• **DIRECTIONS FOR THIS TASK**
Pictures in the records below are skipped; the rest is copied exactly.

--------

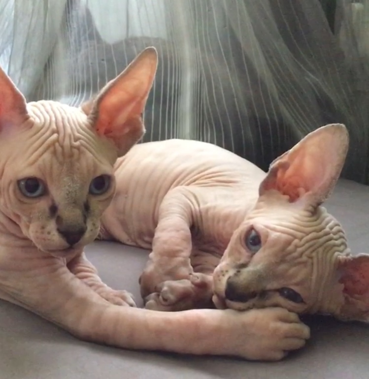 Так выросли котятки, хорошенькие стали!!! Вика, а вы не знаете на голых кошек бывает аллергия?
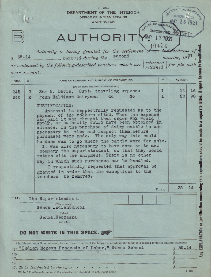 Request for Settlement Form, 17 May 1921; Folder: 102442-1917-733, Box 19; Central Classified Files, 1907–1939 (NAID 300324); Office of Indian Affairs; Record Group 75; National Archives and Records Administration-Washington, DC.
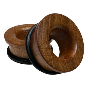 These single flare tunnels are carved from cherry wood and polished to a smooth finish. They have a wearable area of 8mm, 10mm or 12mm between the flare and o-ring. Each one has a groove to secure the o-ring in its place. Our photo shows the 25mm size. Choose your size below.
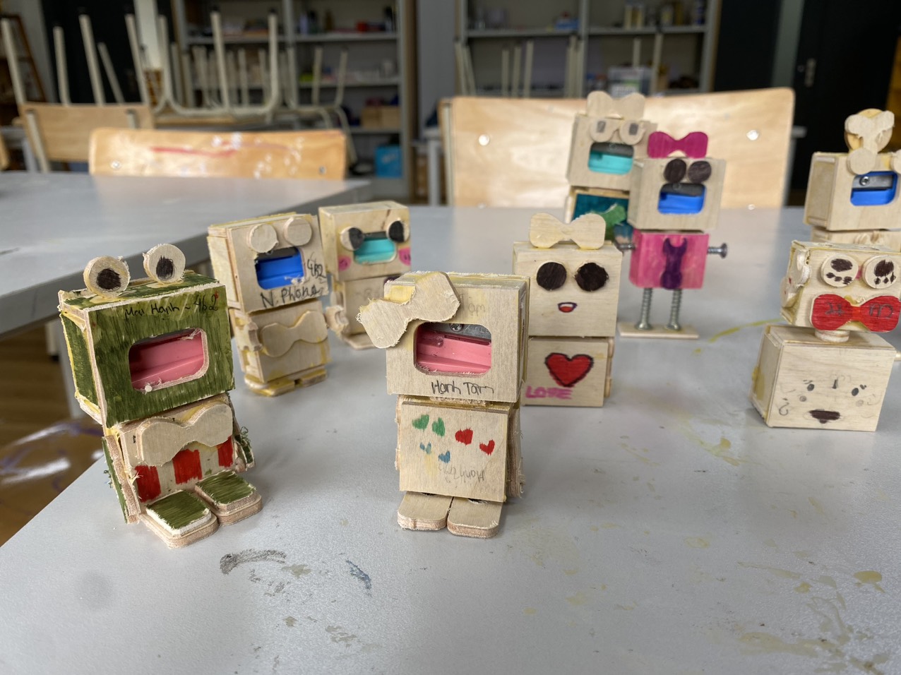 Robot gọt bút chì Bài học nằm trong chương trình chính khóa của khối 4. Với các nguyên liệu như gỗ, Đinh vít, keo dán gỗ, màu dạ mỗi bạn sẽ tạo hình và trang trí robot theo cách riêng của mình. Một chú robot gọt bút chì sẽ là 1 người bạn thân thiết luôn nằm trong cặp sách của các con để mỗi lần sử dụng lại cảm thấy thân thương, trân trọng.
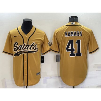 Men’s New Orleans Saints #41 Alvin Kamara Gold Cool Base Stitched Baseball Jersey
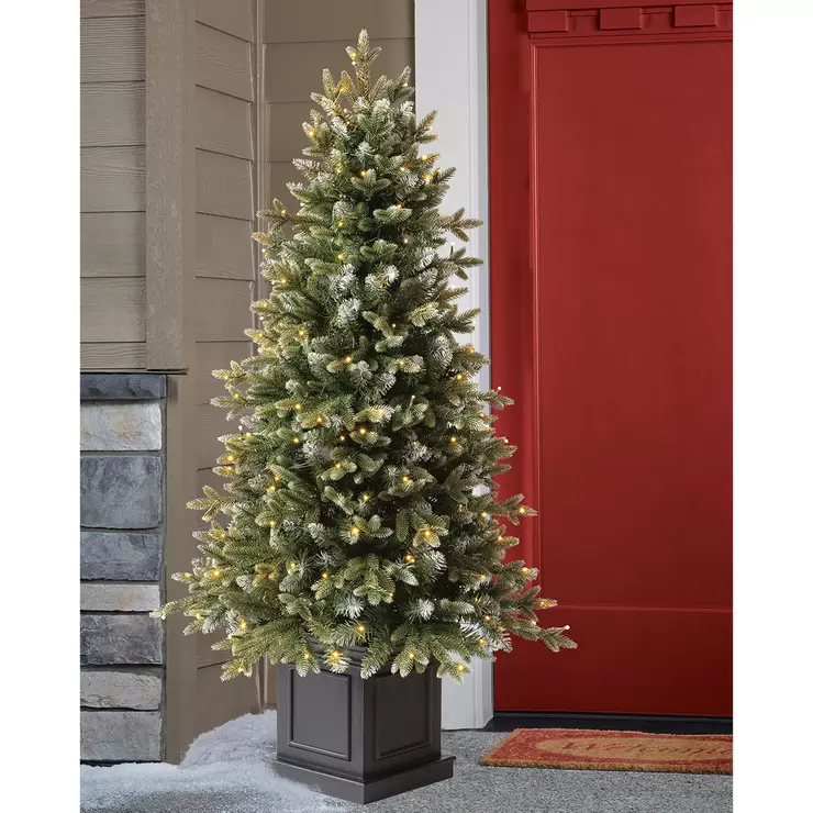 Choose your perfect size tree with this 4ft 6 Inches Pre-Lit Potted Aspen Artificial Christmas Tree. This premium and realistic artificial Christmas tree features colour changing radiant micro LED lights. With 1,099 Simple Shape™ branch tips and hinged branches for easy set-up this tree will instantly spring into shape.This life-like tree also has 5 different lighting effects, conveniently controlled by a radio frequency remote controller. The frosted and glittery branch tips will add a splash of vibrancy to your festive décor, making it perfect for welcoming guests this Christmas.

--------

• **TASK RESPONSE**
 Так выросли котятки, хорошенькие стали!!! Вика, а вы не знаете на голых кошек бывает аллергия?
 Request for Settlement Form, 17 May 1921; Folder: 102442-1917-733, Box 19; Central Classified Files, 1907–1939 (NAID 300324); Office of Indian Affairs; Record Group 75; National Archives and Records Administration-Washington, DC.
 These single flare tunnels are carved from cherry wood and polished to a smooth finish. They have a wearable area of 8mm, 10mm or 12mm between the flare and o-ring. Each one has a groove to secure the o-ring in its place. Our photo shows the 25mm size. Choose your size below.
 Robot gọt bút chì Bài học nằm trong chương trình chính khóa của khối 4. Với các nguyên liệu như gỗ, Đinh vít, keo dán gỗ, màu dạ mỗi bạn sẽ tạo hình và trang trí robot theo cách riêng của mình. Một chú robot gọt bút chì sẽ là 1 người bạn thân thiết luôn nằm trong cặp sách của các con để mỗi lần sử dụng lại cảm thấy thân thương, trân trọng.
 Men’s New Orleans Saints #41 Alvin Kamara Gold Cool Base Stitched Baseball Jersey
 Choose your perfect size tree with this 4ft 6 Inches Pre-Lit Potted Aspen Artificial Christmas Tree. This premium and realistic artificial Christmas tree features colour changing radiant micro LED lights. With 1,099 Simple Shape™ branch tips and hinged branches for easy set-up this tree will instantly spring into shape.This life-like tree also has 5 different lighting effects, conveniently controlled by a radio frequency remote controller. The frosted and glittery branch tips will add a splash of vibrancy to your festive décor, making it perfect for welcoming guests this Christmas.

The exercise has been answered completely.